Noch eine letzte Frage habe ich an Sie, lieber junger Freund, und an die junge akademische Generation, die heute die österreichischen Hochschulen bevölkert. Die Gretchenfrage: Wie haltet Ihr es mit Österreich? Sie schütteln den Kopf? Sie verstehen die Frage nicht? Sie weisen stumm auf die Ergebnisse der studentischen Wahlgänge der letzten Jahre? In ihnen wurde tatsächlich jedesmal jenen Gruppen, die überständigen Leitbildern folgten, ihre Grenze gezeigt. Österreich ist für die jungen Akademiker kein Diskussionsgegenstand mehr. Österreich ist eine Selbstverständlichkeit. Das war nicht immer so. Generationen, die im Kampf für und leider auch oft gegen Österreich reif und etwas gescheiter geworden sind, möchten sich gerne dieses Geisteswandels freuen. Als vom Schicksal etwas unsanfter behandelte Kinder können sie es jedoch nicht, ohne mit der Genugtuung auch eine Hoffnung zu verbinden: die nicht ausgeschlossene Probe aufs Exempel möge dasselbe Ergebnis zeitigen wie die Beobachtungen des Tages.
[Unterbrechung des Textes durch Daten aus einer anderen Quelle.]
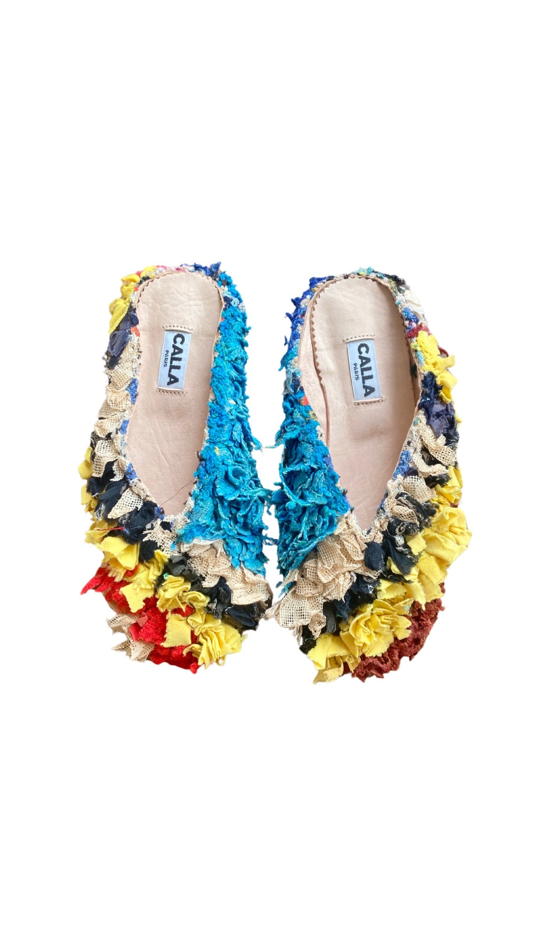Handmade from upcycled vintage Berber rugs, CALLA’s Babouche mules exist in limited edition - just a handful for each rug. They boast textural details that are one-of-a-kind. Like all Babouche slippers, they are comforable to wear and effortlessly versatile. Every pair supports local Moroccan craftspeople and their traditions.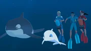 Mini-ZoomYann und Zoom haben einen Baby-Delfin und dessen Mutter entdeckt. Zoom ist begeistert über seine neuen Freunde, Yann dagegen ein wenig eifersüchtig.Bild: © ORF 1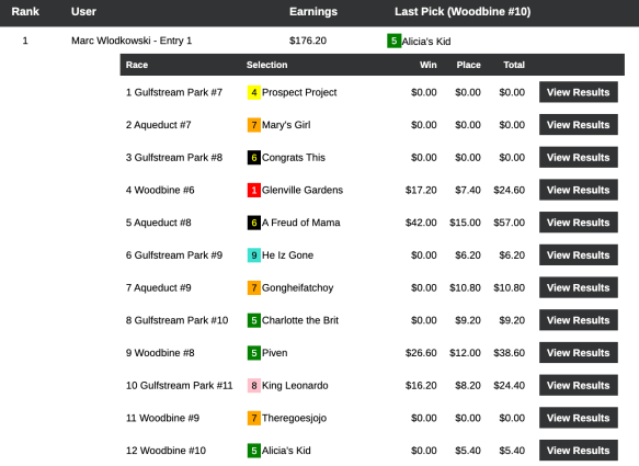 In fact, for Hawkins, Rejected Again was his only winner…but he augmented that hit with three nice place collections to finish on top. On his side of the street, Tam added just one other winner to the win-place total of $37.60 that Rejected Again provided.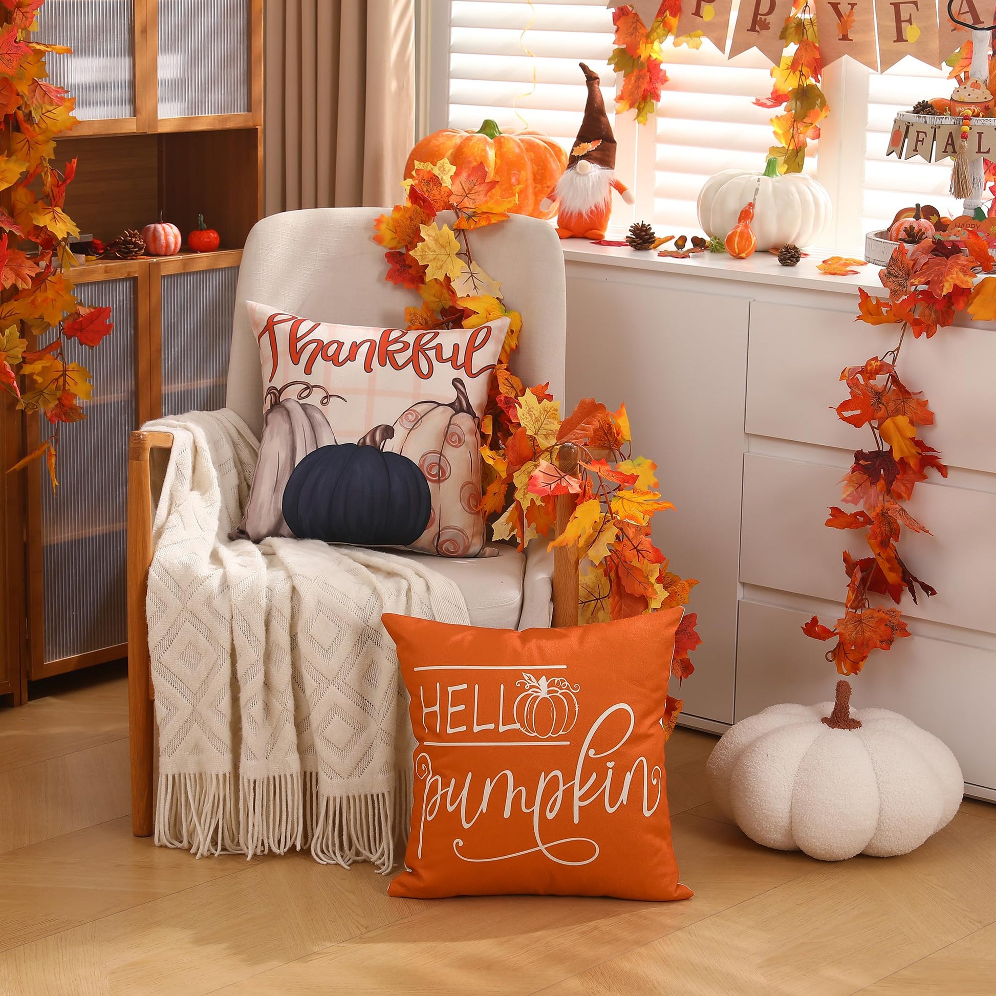 DFXSZ Fall Pillow Covers 18x18 inch Set of 4 Buffalo Plaid Fall Blue Pumpkin Throw Pillow Cover Autumn Thanksgiving Decoration for Home Couch Bed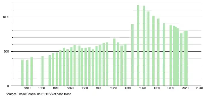 L'évolution du nombre d'habitants est connue à travers les recensements de la population effectués dans la commune depuis 1793. Pour les communes de moins de 10 000 habitants, une enquête de recensement portant sur toute la population est réalisée tous les cinq ans, les populations légales des années intermédiaires étant quant à elles estimées par interpolation ou extrapolation[34]. Pour la commune, le premier recensement exhaustif entrant dans le cadre du nouveau dispositif a été réalisé en 2004[35].

Einmal kommt für jede Generation der Tag, an dem sie aus dem Windschatten heraustreten muß. Und wenn dies nicht in einem dramatischen „großen Auftritt“ geschieht — ich persönlich hoffe, daß er Ihnen und Ihren Freunden erspart bleiben wird —, so wird es der Alltag, der graue, schäbige Alltag sein, der Sie einfordern wird. Von Ihnen, lieber junger Freund, und Ihren Kollegen wird es in gar nicht so ferner Zukunft weitgehend abhängen, wie sehr oder wie wenig grau und schäbig eben dieser Alltag, dieses Österreich von morgen sein wird. Auch oder gerade um in ihm zu bestehen und ihn zu gestalten, braucht es nicht wenig Verstand, Engagement und Kraft. Vielleicht sollten wir alle, jüngere und jung gebliebene Akademiker, daran gerade an jenem Tag denken, an dem am Schwarzen Brett nicht mehr und nicht weniger als eine Studentenwahl angekündigt ist.